§ **TASK GOAL**
Range to reproduce from the entries below: the line with "When I finally", the line with "It's back! openHAUS", and every line in between. Give them exactly and give nothing else.

THE RECORDS Start Marker

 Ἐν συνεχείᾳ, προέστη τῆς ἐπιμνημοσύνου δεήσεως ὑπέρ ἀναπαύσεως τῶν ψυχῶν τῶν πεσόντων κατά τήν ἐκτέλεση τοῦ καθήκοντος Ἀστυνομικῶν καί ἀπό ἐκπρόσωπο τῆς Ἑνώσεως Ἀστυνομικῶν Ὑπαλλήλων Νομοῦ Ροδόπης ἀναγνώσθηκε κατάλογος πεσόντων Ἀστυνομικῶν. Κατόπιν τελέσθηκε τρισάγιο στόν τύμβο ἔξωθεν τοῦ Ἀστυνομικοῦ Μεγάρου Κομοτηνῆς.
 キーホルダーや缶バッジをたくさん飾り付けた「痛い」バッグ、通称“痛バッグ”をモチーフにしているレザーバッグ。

THE RECORDS End Marker
THE RECORDS Start Marker

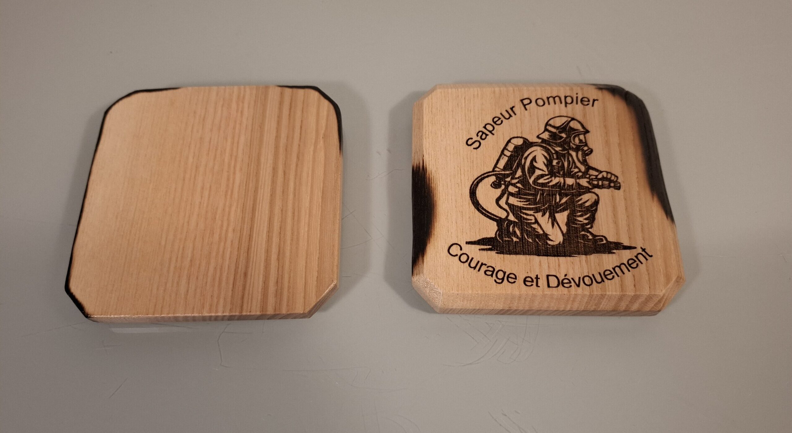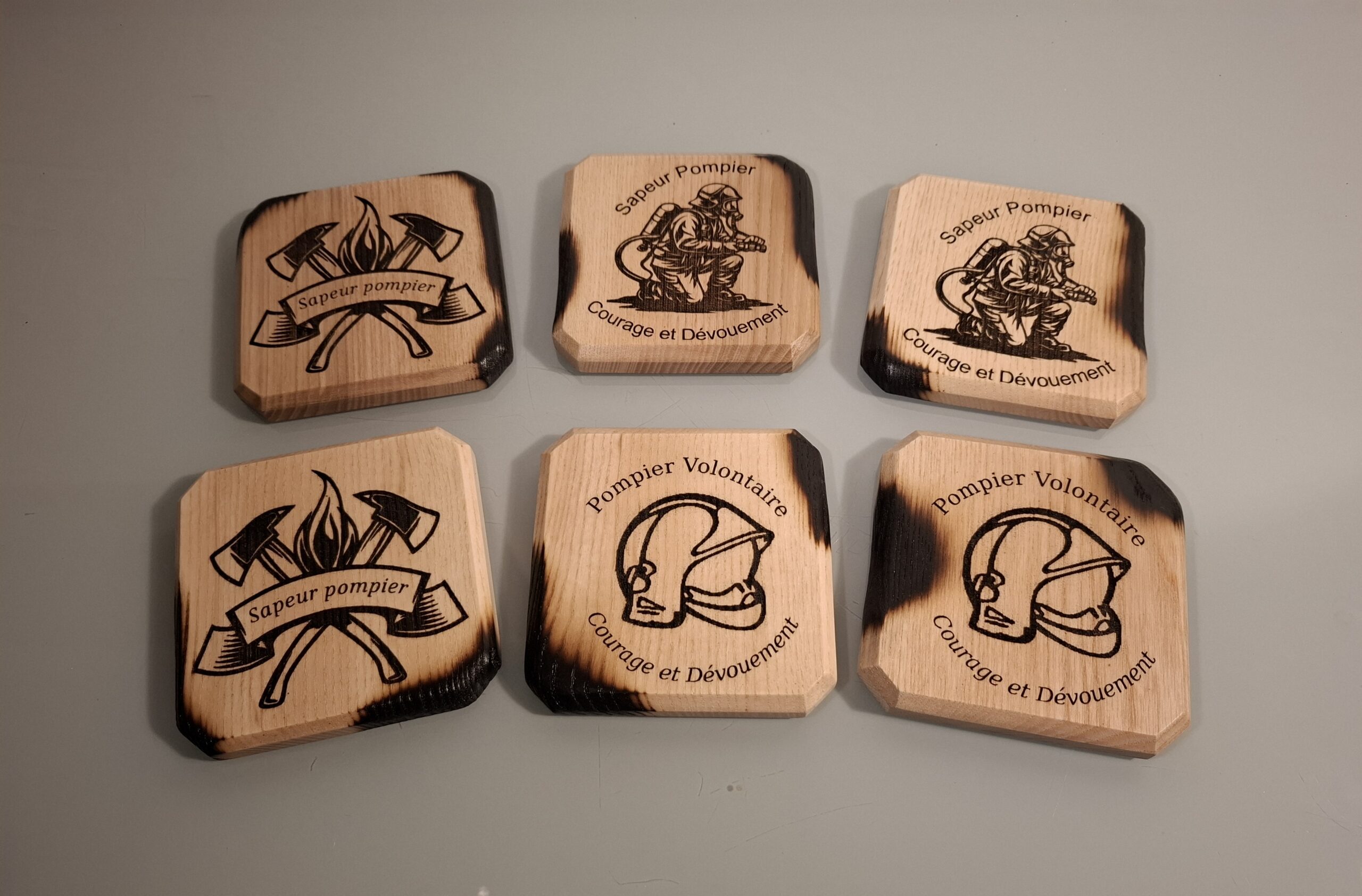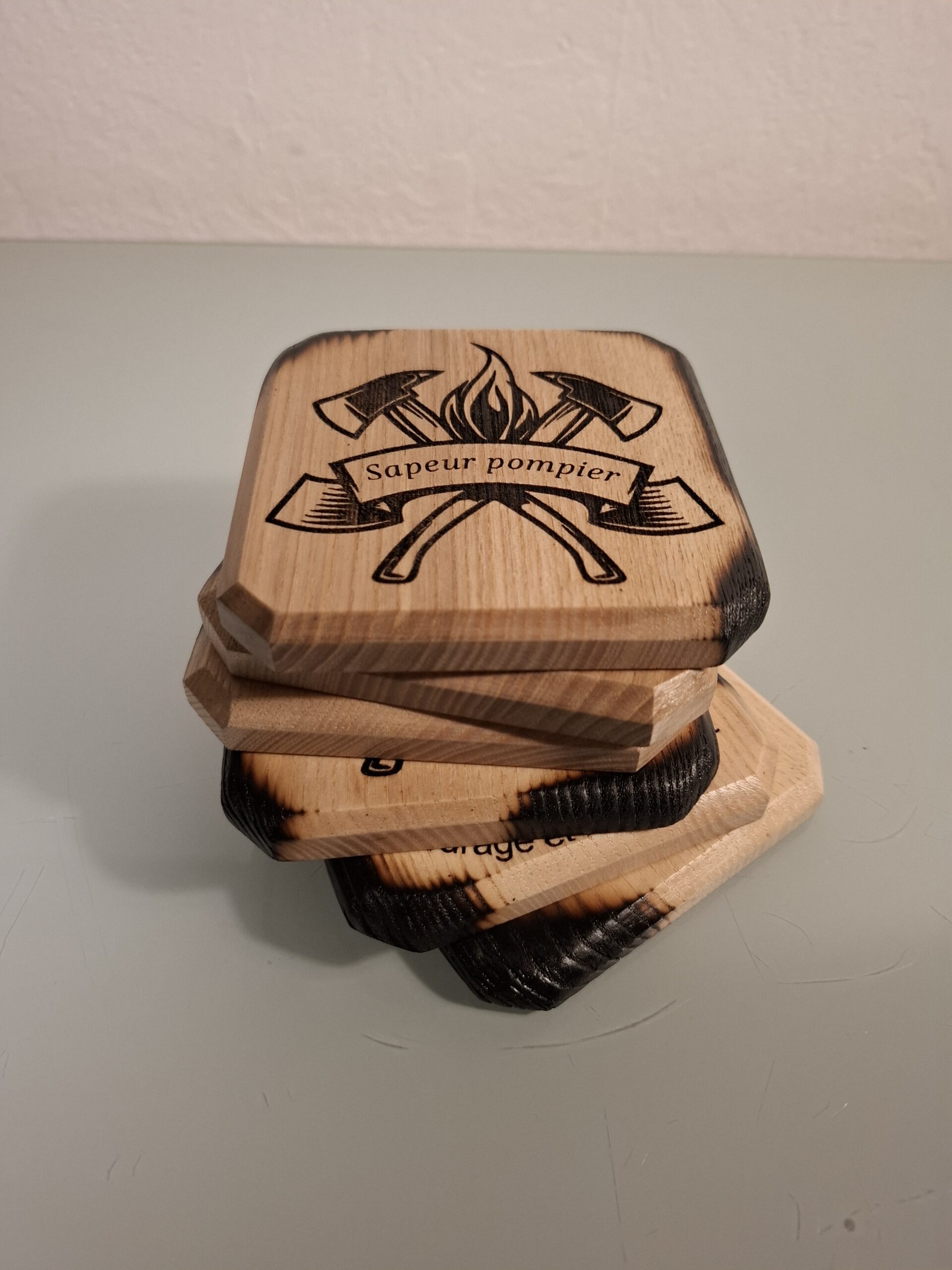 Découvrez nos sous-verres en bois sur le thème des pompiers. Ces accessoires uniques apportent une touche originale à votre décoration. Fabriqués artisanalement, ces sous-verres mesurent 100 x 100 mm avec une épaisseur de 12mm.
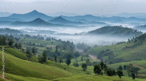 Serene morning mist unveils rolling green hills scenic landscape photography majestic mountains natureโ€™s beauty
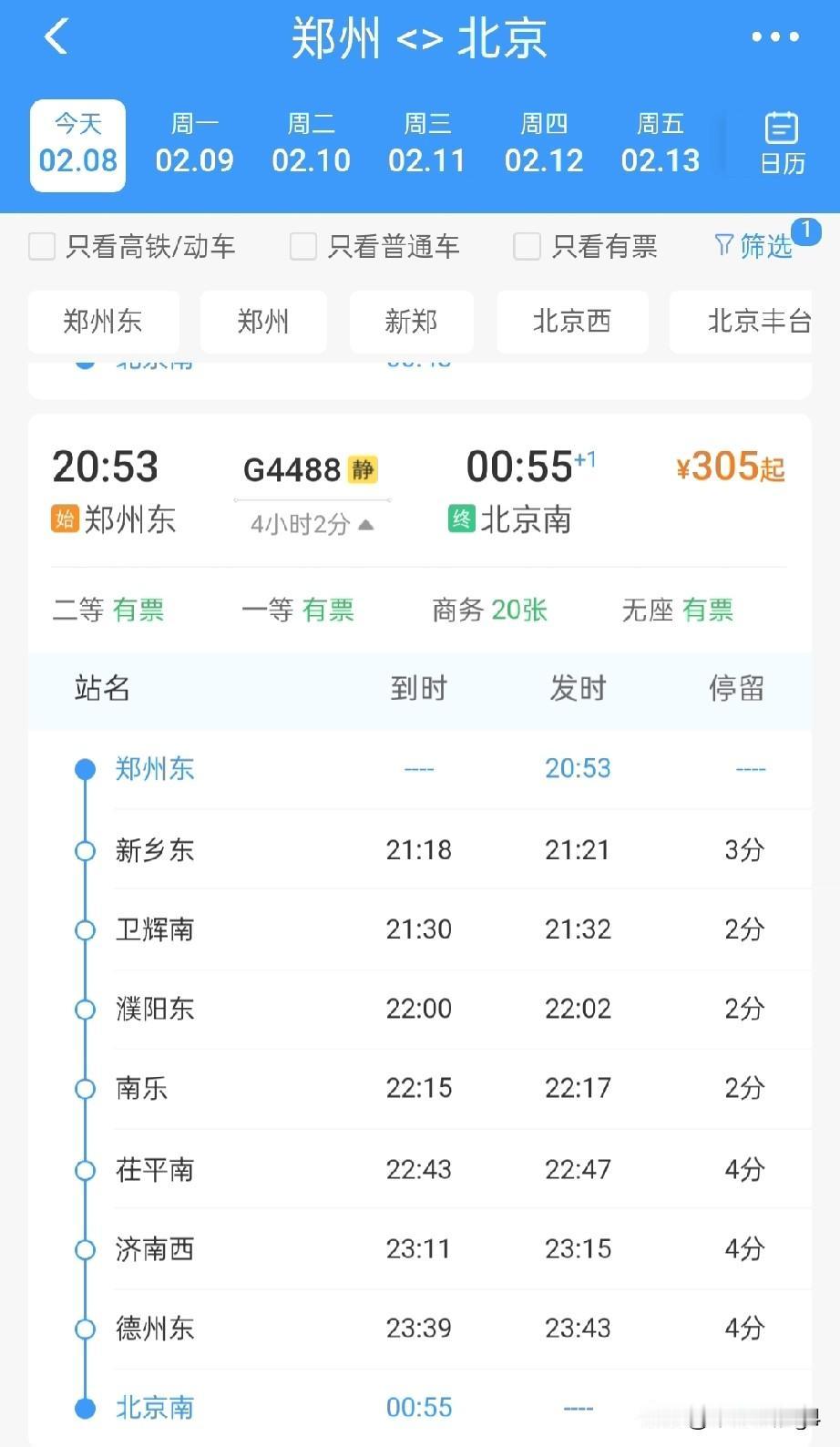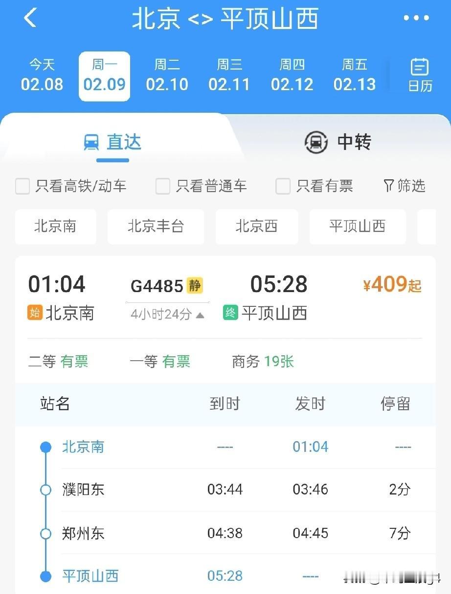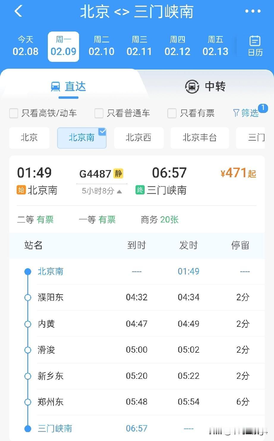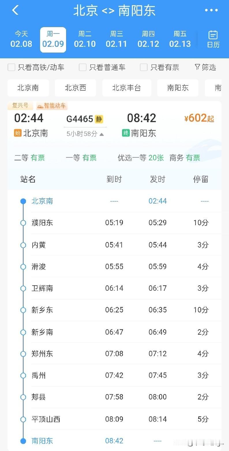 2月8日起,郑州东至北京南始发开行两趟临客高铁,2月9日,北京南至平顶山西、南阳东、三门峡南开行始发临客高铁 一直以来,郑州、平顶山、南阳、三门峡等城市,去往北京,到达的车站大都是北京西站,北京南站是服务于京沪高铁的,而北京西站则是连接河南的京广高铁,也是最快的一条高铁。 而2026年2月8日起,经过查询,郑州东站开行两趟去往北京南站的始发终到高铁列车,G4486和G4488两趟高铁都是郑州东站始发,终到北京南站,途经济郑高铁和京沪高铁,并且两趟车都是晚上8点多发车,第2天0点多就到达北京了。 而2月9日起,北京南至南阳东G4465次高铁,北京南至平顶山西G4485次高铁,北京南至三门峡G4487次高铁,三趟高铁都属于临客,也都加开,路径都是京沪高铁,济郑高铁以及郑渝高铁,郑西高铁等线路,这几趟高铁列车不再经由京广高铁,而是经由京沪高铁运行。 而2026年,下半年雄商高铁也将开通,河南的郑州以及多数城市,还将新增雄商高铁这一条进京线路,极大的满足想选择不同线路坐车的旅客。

THE RECORDS End Marker
THE RECORDS Start Marker

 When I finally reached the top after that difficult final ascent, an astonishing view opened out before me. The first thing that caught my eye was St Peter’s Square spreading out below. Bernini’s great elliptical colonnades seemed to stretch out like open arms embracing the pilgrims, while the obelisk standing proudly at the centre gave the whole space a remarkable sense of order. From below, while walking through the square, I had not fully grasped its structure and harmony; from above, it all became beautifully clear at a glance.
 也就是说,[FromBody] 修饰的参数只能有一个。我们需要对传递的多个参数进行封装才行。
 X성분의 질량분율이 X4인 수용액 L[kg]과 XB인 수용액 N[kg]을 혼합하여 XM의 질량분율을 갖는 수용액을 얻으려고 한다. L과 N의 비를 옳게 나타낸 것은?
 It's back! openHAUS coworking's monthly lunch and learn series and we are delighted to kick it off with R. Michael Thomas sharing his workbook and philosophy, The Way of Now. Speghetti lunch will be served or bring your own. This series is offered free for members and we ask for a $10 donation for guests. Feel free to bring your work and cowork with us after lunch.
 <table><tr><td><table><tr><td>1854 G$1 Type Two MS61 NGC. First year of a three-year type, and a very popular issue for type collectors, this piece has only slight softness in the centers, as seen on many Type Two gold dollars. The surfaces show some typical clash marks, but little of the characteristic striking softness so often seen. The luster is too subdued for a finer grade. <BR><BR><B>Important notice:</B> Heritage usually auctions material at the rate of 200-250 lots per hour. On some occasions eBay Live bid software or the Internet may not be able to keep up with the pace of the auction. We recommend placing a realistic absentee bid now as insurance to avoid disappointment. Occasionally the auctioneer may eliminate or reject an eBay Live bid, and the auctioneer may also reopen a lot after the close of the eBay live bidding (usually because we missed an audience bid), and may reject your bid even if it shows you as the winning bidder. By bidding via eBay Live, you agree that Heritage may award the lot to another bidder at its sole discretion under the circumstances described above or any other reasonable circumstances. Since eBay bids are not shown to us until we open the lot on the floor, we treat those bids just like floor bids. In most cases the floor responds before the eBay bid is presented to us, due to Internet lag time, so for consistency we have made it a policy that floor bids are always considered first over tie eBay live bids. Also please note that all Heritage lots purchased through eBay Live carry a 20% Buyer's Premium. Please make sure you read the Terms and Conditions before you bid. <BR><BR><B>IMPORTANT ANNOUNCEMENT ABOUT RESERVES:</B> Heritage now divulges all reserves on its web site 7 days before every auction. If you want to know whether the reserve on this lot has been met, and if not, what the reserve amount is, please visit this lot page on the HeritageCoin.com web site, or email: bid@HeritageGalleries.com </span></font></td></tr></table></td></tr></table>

THE RECORDS End Marker

§ **EXPECTED ANSWER**
 When I finally reached the top after that difficult final ascent, an astonishing view opened out before me. The first thing that caught my eye was St Peter’s Square spreading out below. Bernini’s great elliptical colonnades seemed to stretch out like open arms embracing the pilgrims, while the obelisk standing proudly at the centre gave the whole space a remarkable sense of order. From below, while walking through the square, I had not fully grasped its structure and harmony; from above, it all became beautifully clear at a glance.
 也就是说,[FromBody] 修饰的参数只能有一个。我们需要对传递的多个参数进行封装才行。
 X성분의 질량분율이 X4인 수용액 L[kg]과 XB인 수용액 N[kg]을 혼합하여 XM의 질량분율을 갖는 수용액을 얻으려고 한다. L과 N의 비를 옳게 나타낸 것은?
 It's back! openHAUS coworking's monthly lunch and learn series and we are delighted to kick it off with R. Michael Thomas sharing his workbook and philosophy, The Way of Now. Speghetti lunch will be served or bring your own. This series is offered free for members and we ask for a $10 donation for guests. Feel free to bring your work and cowork with us after lunch.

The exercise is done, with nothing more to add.